Other researchers looked to mainstream psychological methodology to investigate the cognitive domain. In 1966, for example, Thomas Saarinen published an account of his doctoral research on the behavior of farmers in the drought prone Great Plains region of the USA. Using personality measures such as the Thematic Apperception Test as part of his methodology, he found from their responses that successes were recalled more frequently than failures. Farmers consistently underestimated the frequency of years when drought was experienced and were optimistic about the number of good years and about the size of crops in such years. Perceptions of the drought hazard were also influenced by age and previous experience, especially whether farmers remembered the drought conditions of the 'dusty thirties' (the years of the formation of the Dust Bowl).

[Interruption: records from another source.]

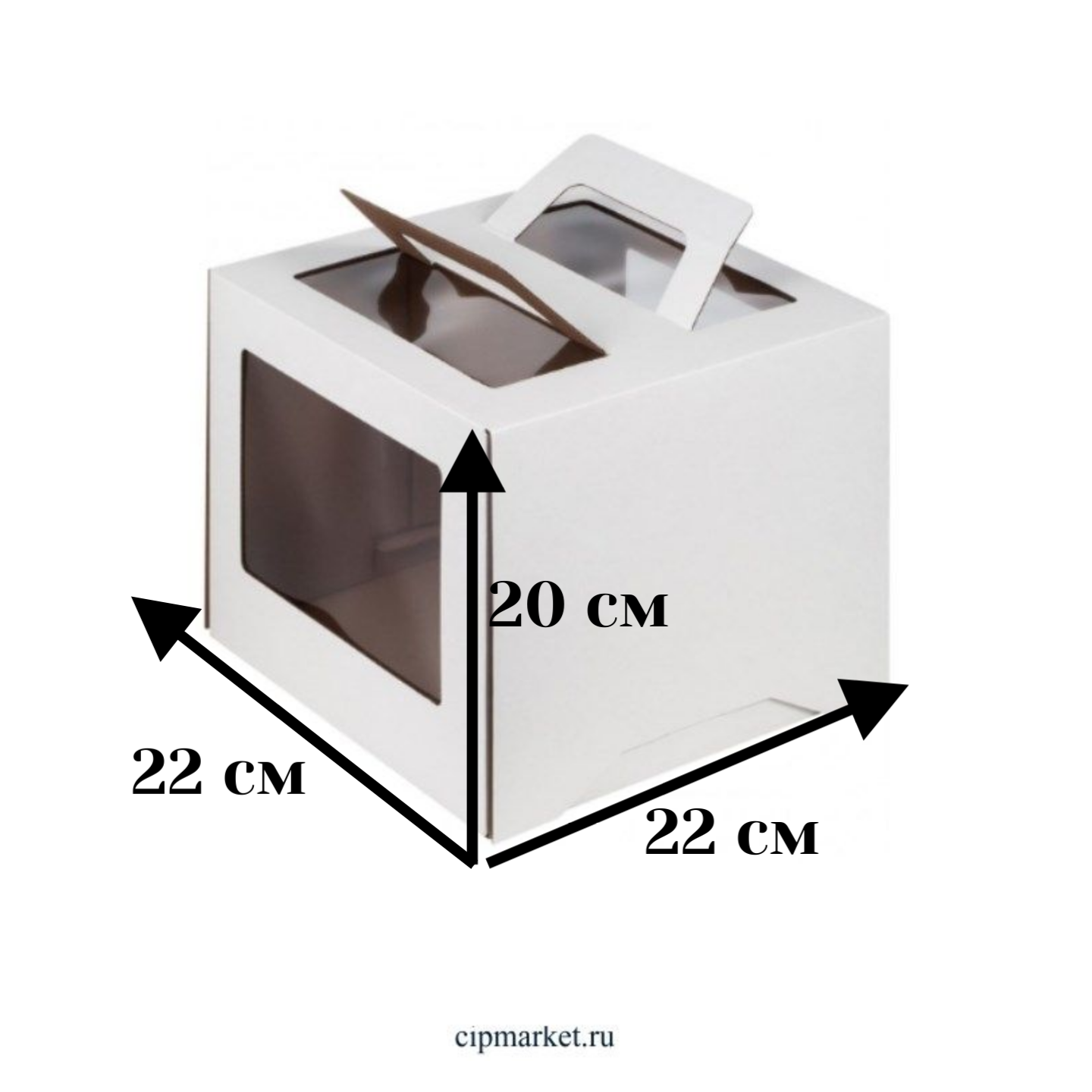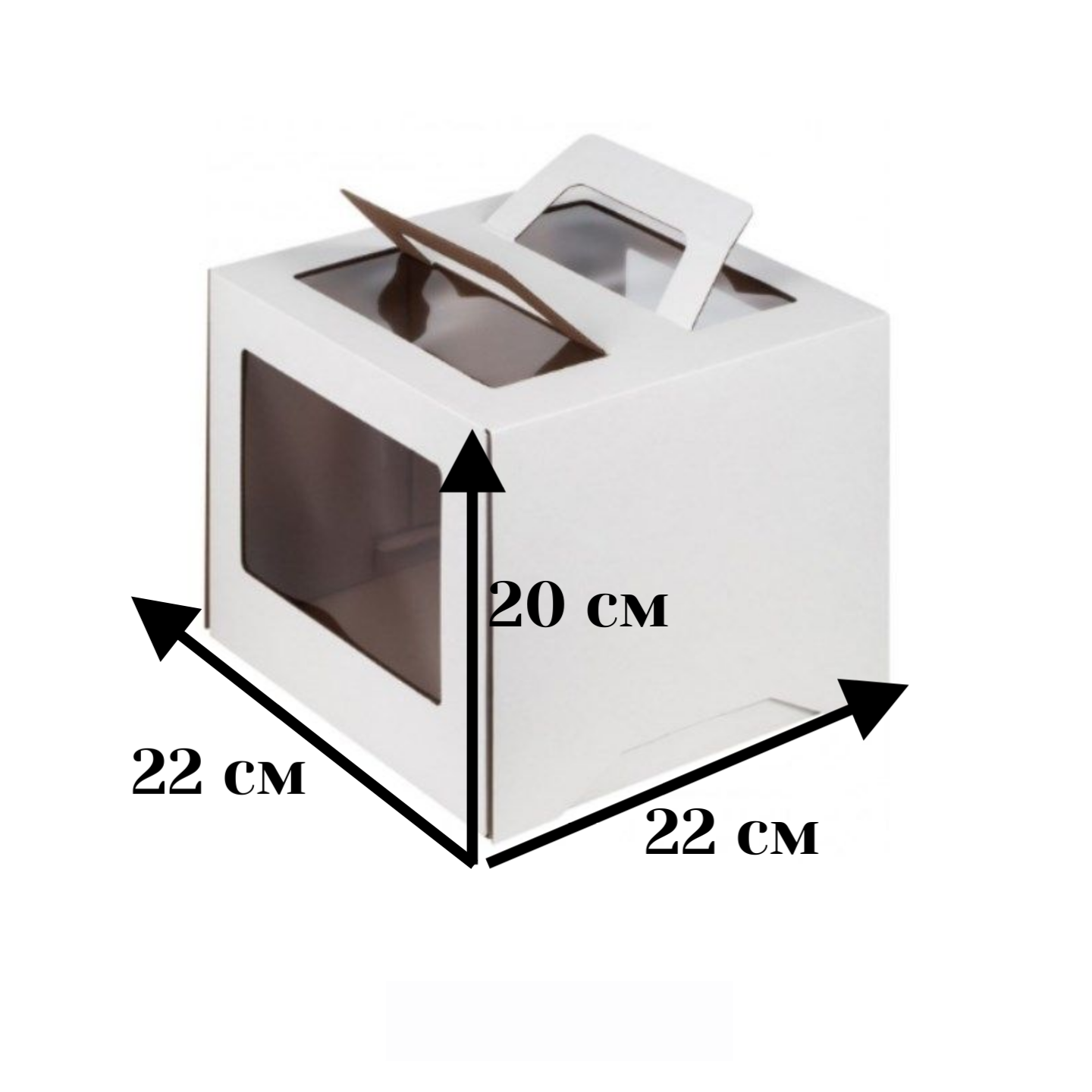 Коробка под торт 2 окна, с ручками, белая.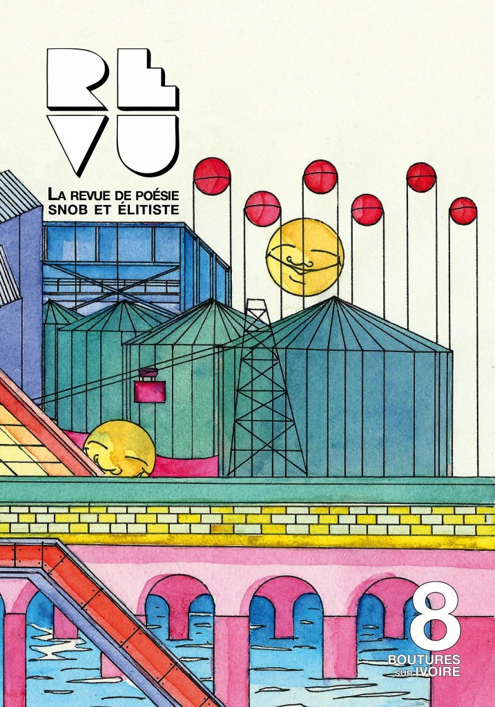 Je participe au numéro 8 de REVU, la Revue de poésie snob et élitiste. Avec une poésie, intitulée Ba Be Bi Bo Bu, qui cherche à monter vers le ciel, avec des vides, et de la folie et des angoisses… Le site web de la revue avec toutes les infos est ici. Et voilà la couverture :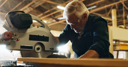 Carpenter, man and machine with wood in workshop, diy manufacturing and production business. Factory, mature person and contractor with saw tools for furniture service, maintenance and cutting plank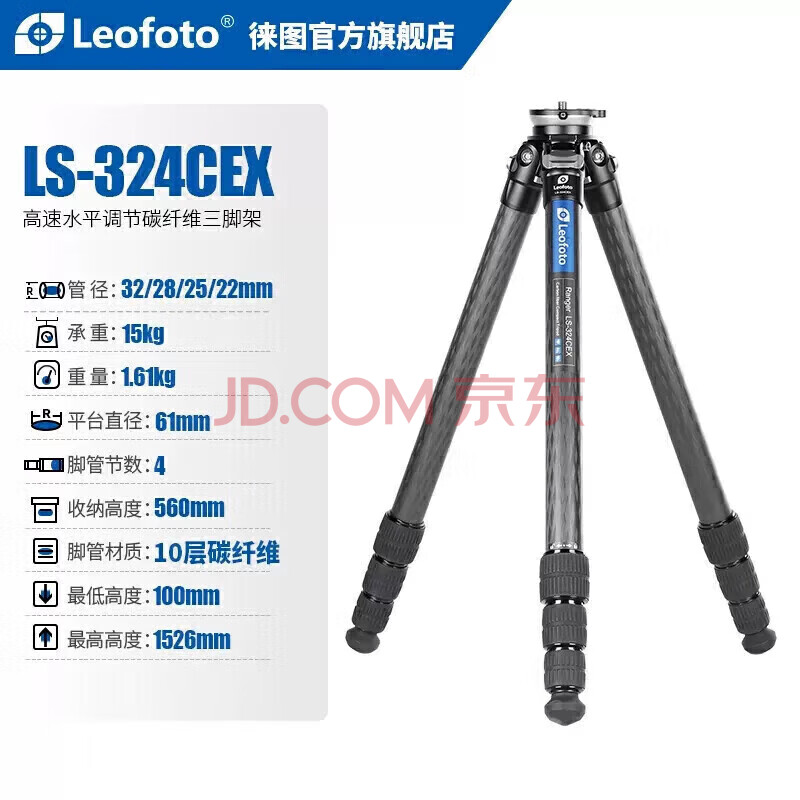 商品相册:徕图(Leofoto)三脚架 快速水平调节摄影摄像机微单单反旅行轻便碳纤维三脚架 LS-324CEX(单脚架)第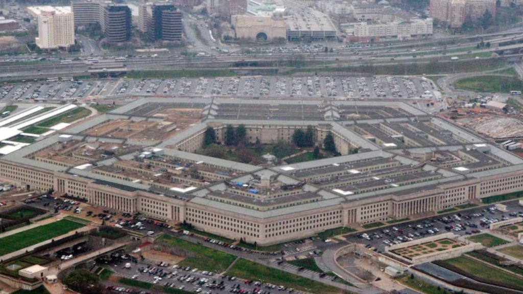 국방부의 항공 사진 – 주차장이 있는 대형 5면 사무실 건물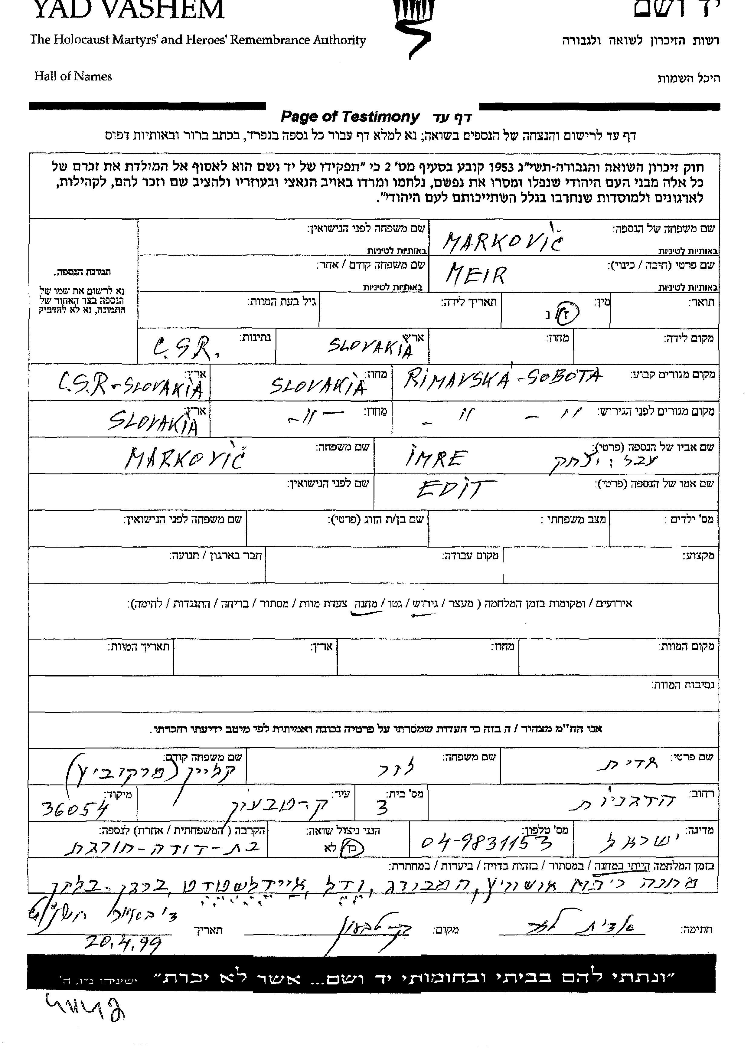 Meir Markovic wurde in Slovakia, Tschechoslowakei geboren. Er war der Sohn von Imre Yitzkhak und Edit. Vor dem Zweiten Weltkrieg lebte er in Rimavska Sobota, Tschechoslowakei. Während des Krieges war er in Rimavska Sobota, Tschechoslowakei.
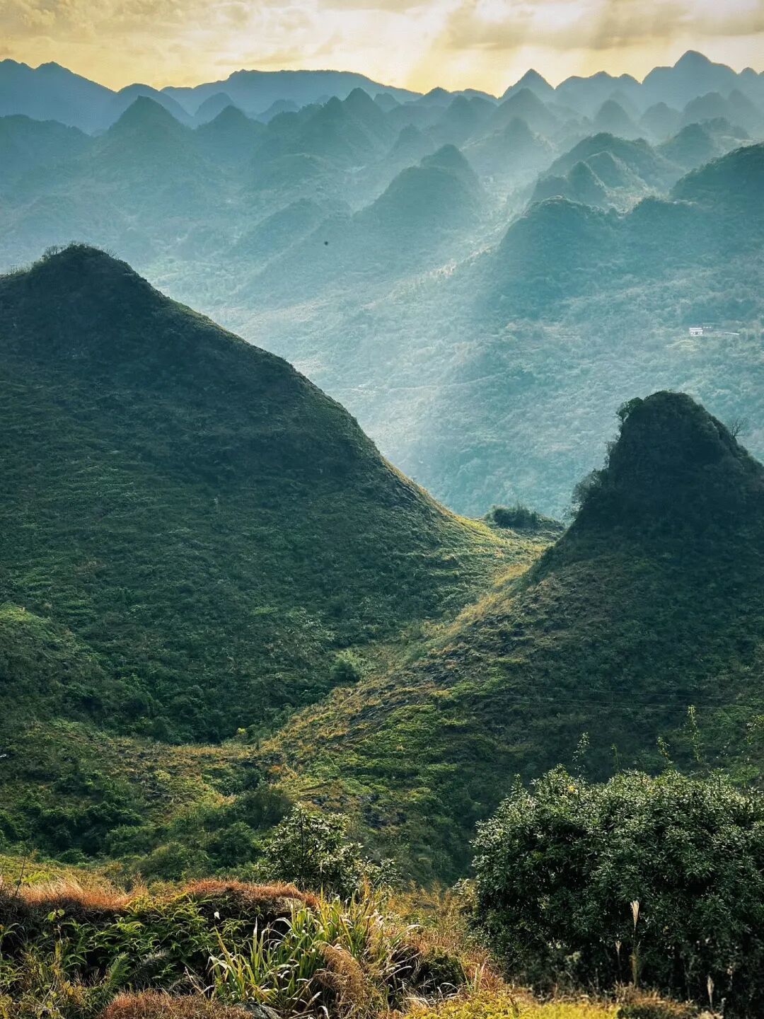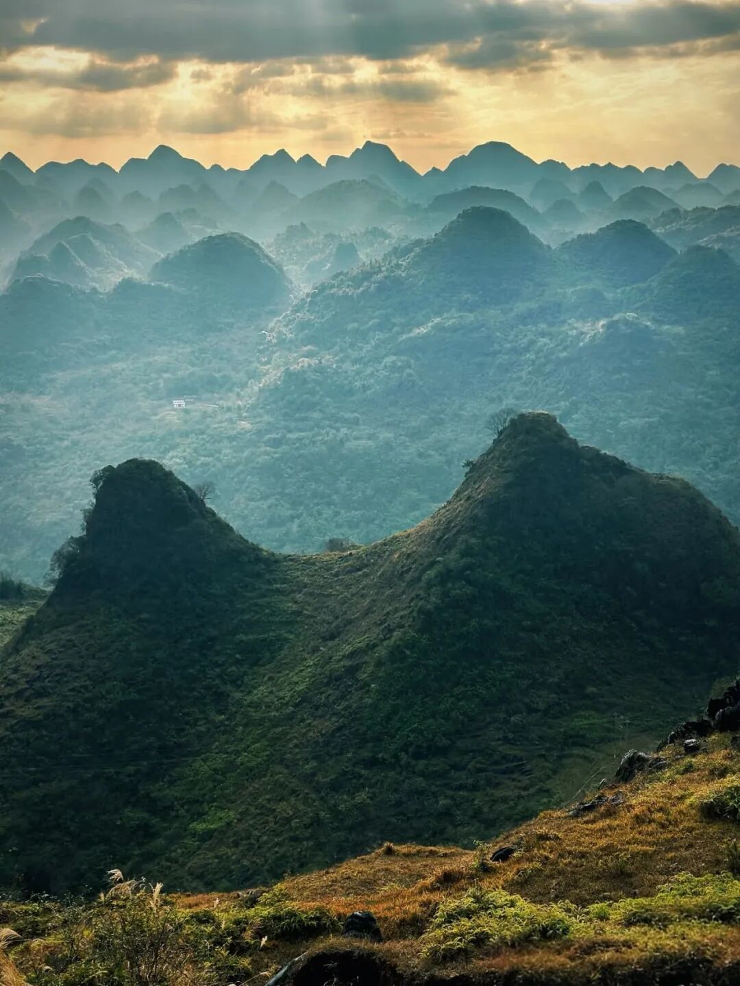 亮点2:千峰环立,喀斯特奇观 置身典型峰丛地貌,数千座石灰岩山峰如剑指苍穹,尽显自然壮美。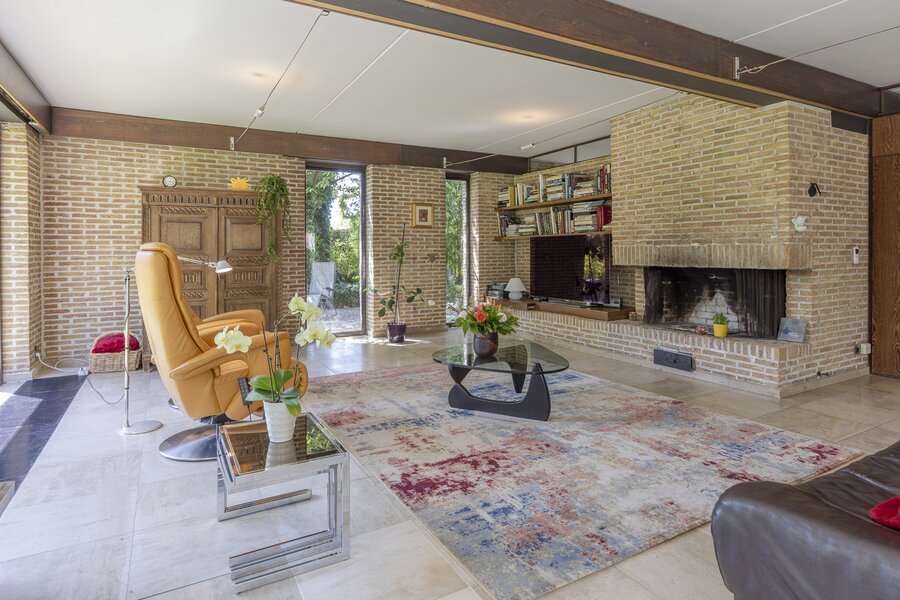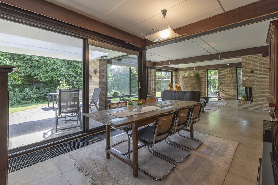 Anderzijds opent de hall tot grote leefruimte die zich uitstrekst langs de zuidelijke achtergevel van de woning, met oppervlakte van +/- 70m² en grote raampartijen biedt de leef- en eetplaats alle comfort en toegang tot de tuin.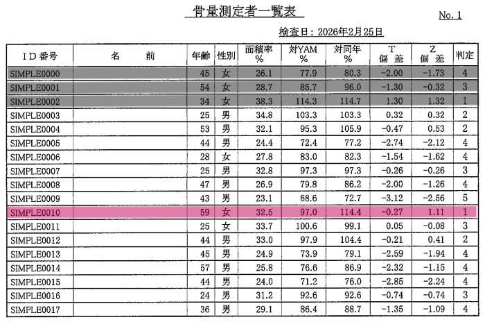 ★判定…「1:良好」骨量十分、「2:平均域高め」骨量平均域、「3:平均域低め」骨量平均域低め、「4:低め」骨量やや少なめ、「5:要注意」骨量かなり少ない(骨折注意!)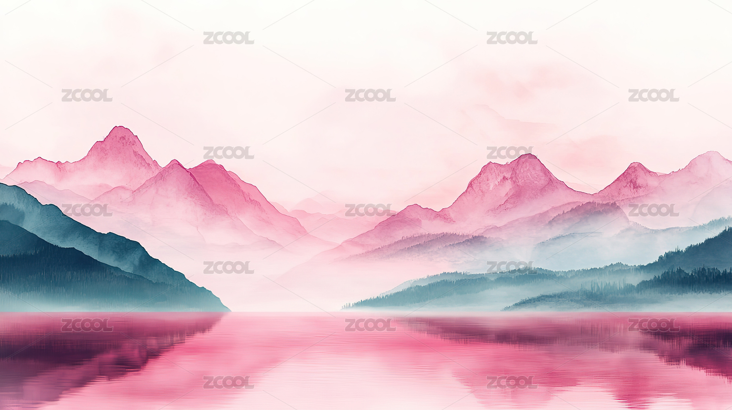 风景,中国画,水墨画,背景,湖,艺术,高山,插画

Collectively, these early studies indicated that the emerging field of research served as both a corrective and a catalyst. As the former, it countered the dominant thrust of spatial science by embracing such considerations as learning, imperfect information, and bounded rationality in order to improve the diagnostic and predictive power of locational models. As a catalyst, behavioral geography quickly moved beyond being an adjunct to spatial scientific inquiry to become a channel for work that expanded research horizons and reconceptualized the relationships between people and their environments in quite different ways from those conventional in geographical discourse. Benefiting from the breadth of perspectives available from its two component intellectual streams, behavioral geography became a wide ranging field that revealed a notable flowering of creativity, with almost any scale of cognitivebehavioral problem, from the interior spaces of buildings to understandings of the cosmos, becoming of interest to geographers.